Six weeks apart this spring, China’s two most-watched AI labs each shipped a new flagship. DeepSeek dropped V4 on April 24 — 1.6 trillion parameters, MIT-licensed, weights on Hugging Face the same day. Alibaba answered on May 20 with Qwen3.7 Max, a closed-weight reasoning model with a million-token context and a price tag to match its ambition.

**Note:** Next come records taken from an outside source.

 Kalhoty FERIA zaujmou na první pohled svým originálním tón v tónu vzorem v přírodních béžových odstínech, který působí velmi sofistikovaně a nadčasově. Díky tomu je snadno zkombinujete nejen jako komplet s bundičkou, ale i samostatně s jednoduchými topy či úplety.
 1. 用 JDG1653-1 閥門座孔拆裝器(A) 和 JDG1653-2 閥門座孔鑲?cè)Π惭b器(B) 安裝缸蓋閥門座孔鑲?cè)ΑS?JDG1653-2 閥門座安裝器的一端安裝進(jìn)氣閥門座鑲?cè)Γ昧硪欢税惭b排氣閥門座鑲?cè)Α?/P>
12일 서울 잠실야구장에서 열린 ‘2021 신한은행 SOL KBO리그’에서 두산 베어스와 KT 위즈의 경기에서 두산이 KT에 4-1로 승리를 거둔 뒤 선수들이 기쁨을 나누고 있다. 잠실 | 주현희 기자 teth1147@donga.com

On paper they look like rivals. In practice they’re aimed at different buyers. One is the cheapest serious frontier model you can run yourself; the other is a polished, faster API you rent by the token. This piece breaks down where each actually wins — coding, reasoning, context, speed, and the part that ends most arguments, cost per million tokens.
Key takeaways
- Closely matched on coding. Vendor SWE-bench Verified scores land at 80.6% (DeepSeek V4-Pro) versus 80.4% (Qwen3.7 Max) — a rounding error apart.

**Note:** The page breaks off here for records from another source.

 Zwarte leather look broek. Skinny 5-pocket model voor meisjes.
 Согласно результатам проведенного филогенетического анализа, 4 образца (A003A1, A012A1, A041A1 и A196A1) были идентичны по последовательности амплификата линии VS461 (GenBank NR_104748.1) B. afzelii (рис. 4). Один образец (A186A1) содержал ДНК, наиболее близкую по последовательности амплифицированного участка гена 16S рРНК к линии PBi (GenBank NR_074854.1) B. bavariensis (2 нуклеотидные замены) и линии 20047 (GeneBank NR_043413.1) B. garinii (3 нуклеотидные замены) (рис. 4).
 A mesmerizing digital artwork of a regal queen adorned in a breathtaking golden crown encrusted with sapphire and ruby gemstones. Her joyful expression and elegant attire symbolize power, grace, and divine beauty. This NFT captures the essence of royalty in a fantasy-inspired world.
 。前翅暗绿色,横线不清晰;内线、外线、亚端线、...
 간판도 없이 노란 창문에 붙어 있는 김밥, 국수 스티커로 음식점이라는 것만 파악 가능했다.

- Qwen edges ahead on raw intelligence. Independent Artificial Analysis scores it 57 on its Intelligence Index against DeepSeek V4-Pro’s 52.
- DeepSeek is far cheaper. V4-Pro runs $0.435/$0.87 per million input/output tokens; Qwen3.7 Max is $2.50/$7.50 — roughly 6–9x more.
- Open vs closed is the real fork. DeepSeek V4 ships open weights you can self-host; Qwen3.7 Max is API-only, with no open release as of June 2026.
- Both claim a 1M-token context — but Qwen is meaningfully faster at ~193 tokens/sec versus DeepSeek’s ~80.
- Treat vendor benchmarks with caution. Several headline numbers are self-reported and not yet independently reproduced.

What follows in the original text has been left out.